• **TASK DETAILS**:
Below are records with pictures. Transcribe exactly, and only, the lines from the line with "ALC Adelle Tiered" to the line with "Fiecare produs MOSSA", both ends included, but not the pictures.

• **DATA EXCERPTS**:
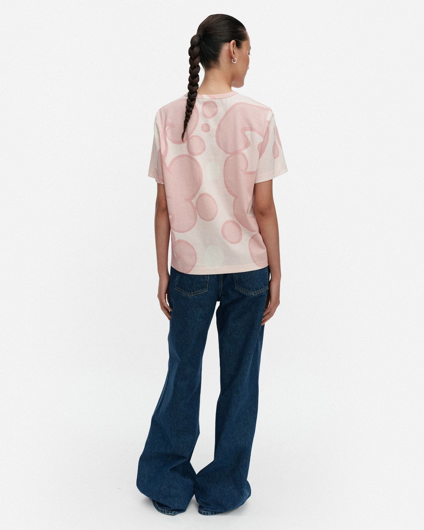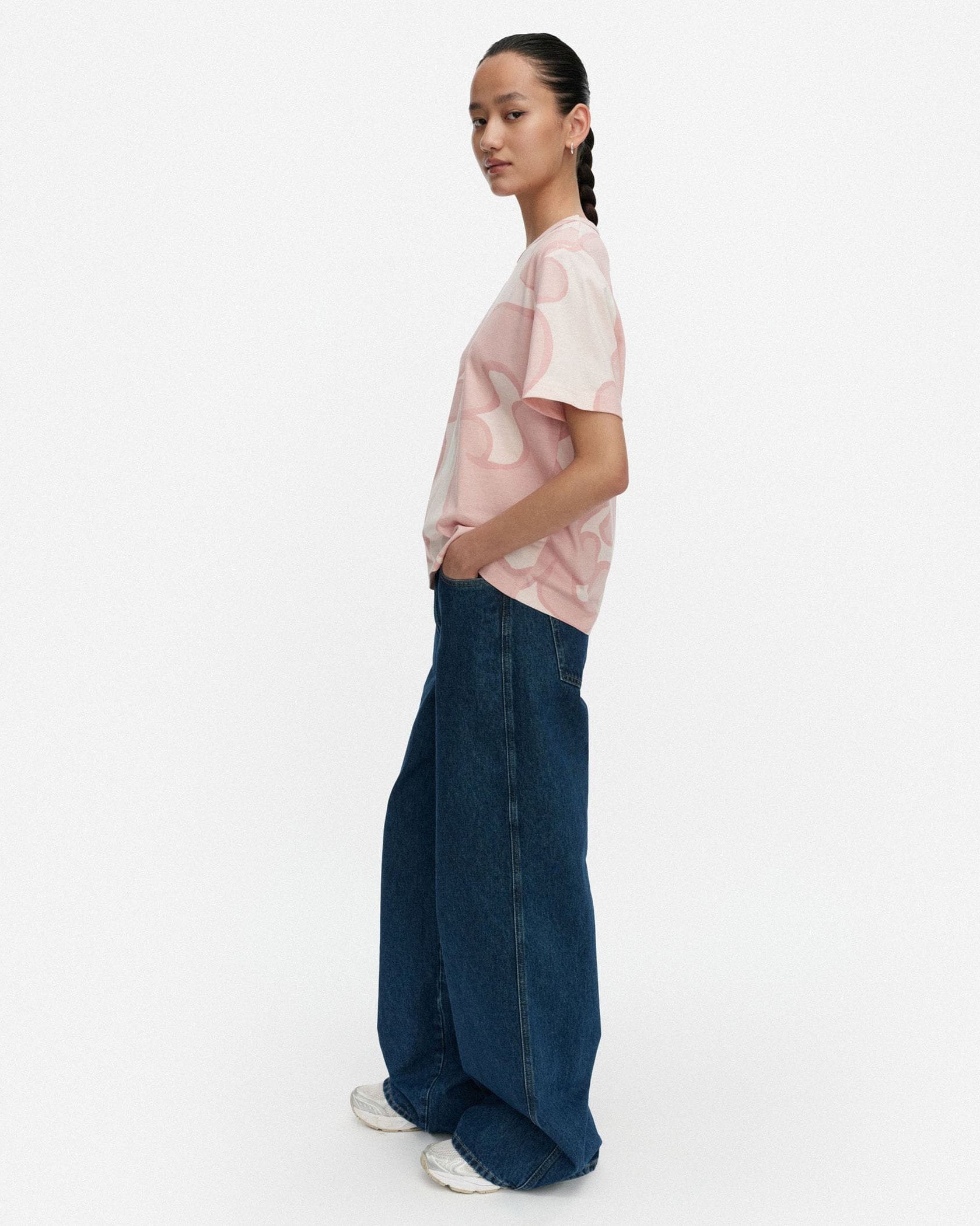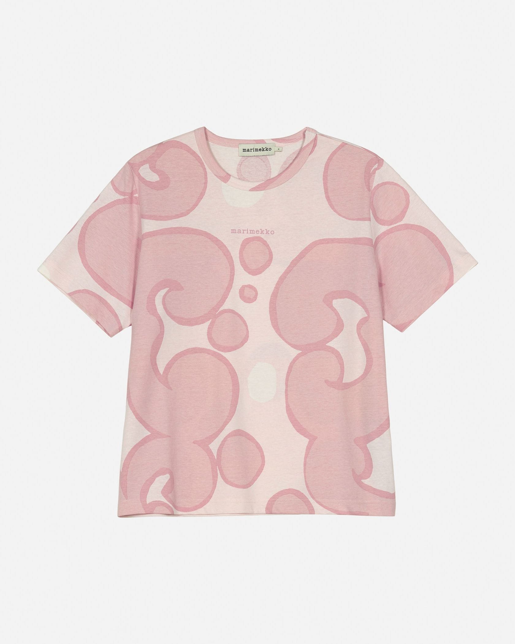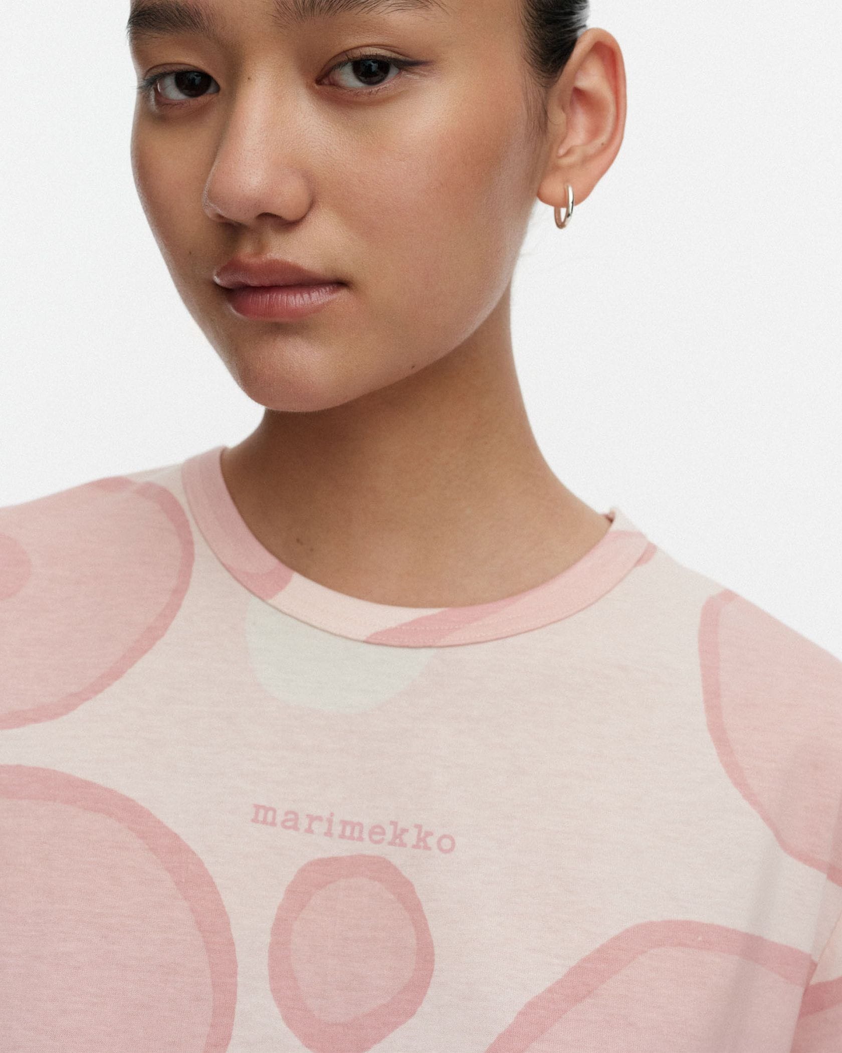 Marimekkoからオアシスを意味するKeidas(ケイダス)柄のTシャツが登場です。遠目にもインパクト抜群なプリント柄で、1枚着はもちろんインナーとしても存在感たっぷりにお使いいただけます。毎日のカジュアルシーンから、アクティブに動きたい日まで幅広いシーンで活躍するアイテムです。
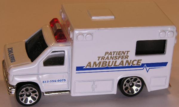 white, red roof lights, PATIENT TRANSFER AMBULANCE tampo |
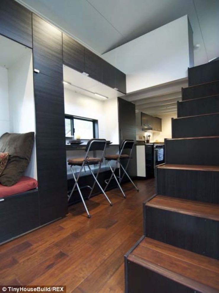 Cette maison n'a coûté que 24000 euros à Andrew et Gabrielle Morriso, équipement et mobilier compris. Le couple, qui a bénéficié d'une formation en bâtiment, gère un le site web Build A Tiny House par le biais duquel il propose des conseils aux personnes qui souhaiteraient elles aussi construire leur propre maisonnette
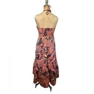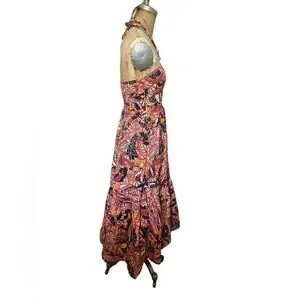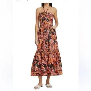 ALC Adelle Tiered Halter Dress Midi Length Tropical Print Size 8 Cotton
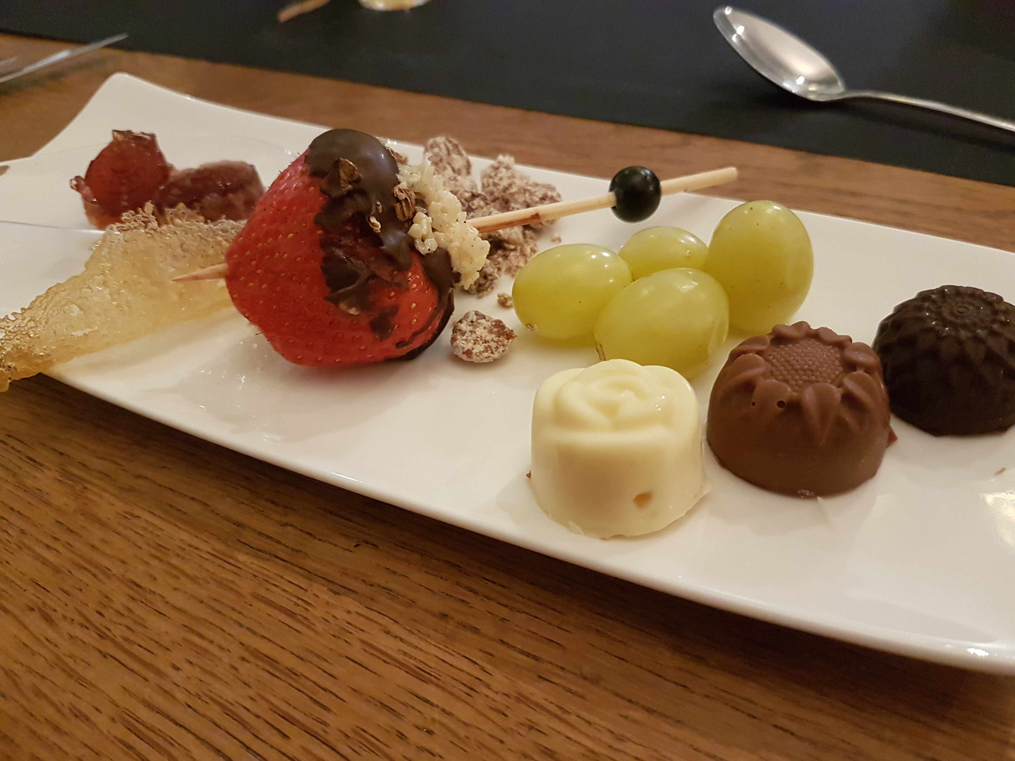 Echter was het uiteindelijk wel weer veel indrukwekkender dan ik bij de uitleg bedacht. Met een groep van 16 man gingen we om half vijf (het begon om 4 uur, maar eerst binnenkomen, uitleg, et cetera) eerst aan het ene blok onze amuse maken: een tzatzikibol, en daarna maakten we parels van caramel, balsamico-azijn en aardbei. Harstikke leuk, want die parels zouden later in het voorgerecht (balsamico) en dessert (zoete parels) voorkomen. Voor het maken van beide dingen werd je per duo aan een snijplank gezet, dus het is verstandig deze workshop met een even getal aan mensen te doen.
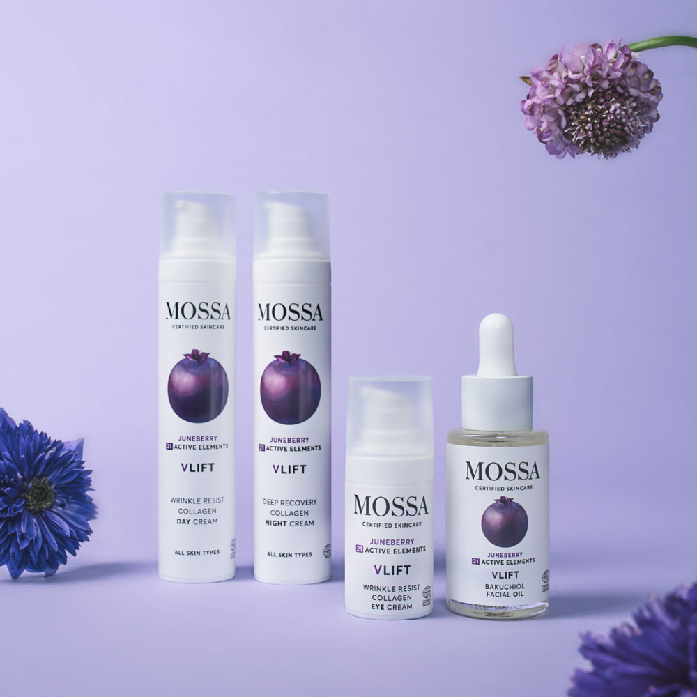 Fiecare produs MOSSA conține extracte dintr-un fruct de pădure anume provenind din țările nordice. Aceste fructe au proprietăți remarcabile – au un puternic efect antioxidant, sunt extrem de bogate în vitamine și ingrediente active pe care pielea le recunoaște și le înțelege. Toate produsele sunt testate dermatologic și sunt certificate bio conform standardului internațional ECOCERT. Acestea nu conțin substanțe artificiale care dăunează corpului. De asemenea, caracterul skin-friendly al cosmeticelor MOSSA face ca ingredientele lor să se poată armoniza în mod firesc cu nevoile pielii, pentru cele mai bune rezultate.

--

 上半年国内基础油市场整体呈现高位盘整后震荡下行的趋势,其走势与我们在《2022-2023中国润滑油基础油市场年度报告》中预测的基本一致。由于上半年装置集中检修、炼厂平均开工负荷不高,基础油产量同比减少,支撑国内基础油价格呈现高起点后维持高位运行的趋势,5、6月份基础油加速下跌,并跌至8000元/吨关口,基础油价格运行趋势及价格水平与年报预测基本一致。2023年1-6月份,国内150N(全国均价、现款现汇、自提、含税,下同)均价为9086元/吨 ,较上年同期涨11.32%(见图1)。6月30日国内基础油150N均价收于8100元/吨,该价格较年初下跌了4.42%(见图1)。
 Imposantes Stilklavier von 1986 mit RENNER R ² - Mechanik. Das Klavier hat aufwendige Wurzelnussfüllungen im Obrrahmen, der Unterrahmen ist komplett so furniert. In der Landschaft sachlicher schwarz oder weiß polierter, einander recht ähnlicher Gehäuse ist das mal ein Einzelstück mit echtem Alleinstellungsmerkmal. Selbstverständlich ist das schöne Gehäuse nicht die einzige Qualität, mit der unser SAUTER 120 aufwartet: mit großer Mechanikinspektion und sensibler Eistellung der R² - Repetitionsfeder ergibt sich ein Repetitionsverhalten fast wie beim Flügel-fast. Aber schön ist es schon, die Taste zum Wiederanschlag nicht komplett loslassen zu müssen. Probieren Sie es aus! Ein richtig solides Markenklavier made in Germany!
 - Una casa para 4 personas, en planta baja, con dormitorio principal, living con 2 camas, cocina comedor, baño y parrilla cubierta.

• **ANSWER TO THE PROBLEM**:
 ALC Adelle Tiered Halter Dress Midi Length Tropical Print Size 8 Cotton
 Echter was het uiteindelijk wel weer veel indrukwekkender dan ik bij de uitleg bedacht. Met een groep van 16 man gingen we om half vijf (het begon om 4 uur, maar eerst binnenkomen, uitleg, et cetera) eerst aan het ene blok onze amuse maken: een tzatzikibol, en daarna maakten we parels van caramel, balsamico-azijn en aardbei. Harstikke leuk, want die parels zouden later in het voorgerecht (balsamico) en dessert (zoete parels) voorkomen. Voor het maken van beide dingen werd je per duo aan een snijplank gezet, dus het is verstandig deze workshop met een even getal aan mensen te doen.
 Fiecare produs MOSSA conține extracte dintr-un fruct de pădure anume provenind din țările nordice. Aceste fructe au proprietăți remarcabile – au un puternic efect antioxidant, sunt extrem de bogate în vitamine și ingrediente active pe care pielea le recunoaște și le înțelege. Toate produsele sunt testate dermatologic și sunt certificate bio conform standardului internațional ECOCERT. Acestea nu conțin substanțe artificiale care dăunează corpului. De asemenea, caracterul skin-friendly al cosmeticelor MOSSA face ca ingredientele lor să se poată armoniza în mod firesc cu nevoile pielii, pentru cele mai bune rezultate.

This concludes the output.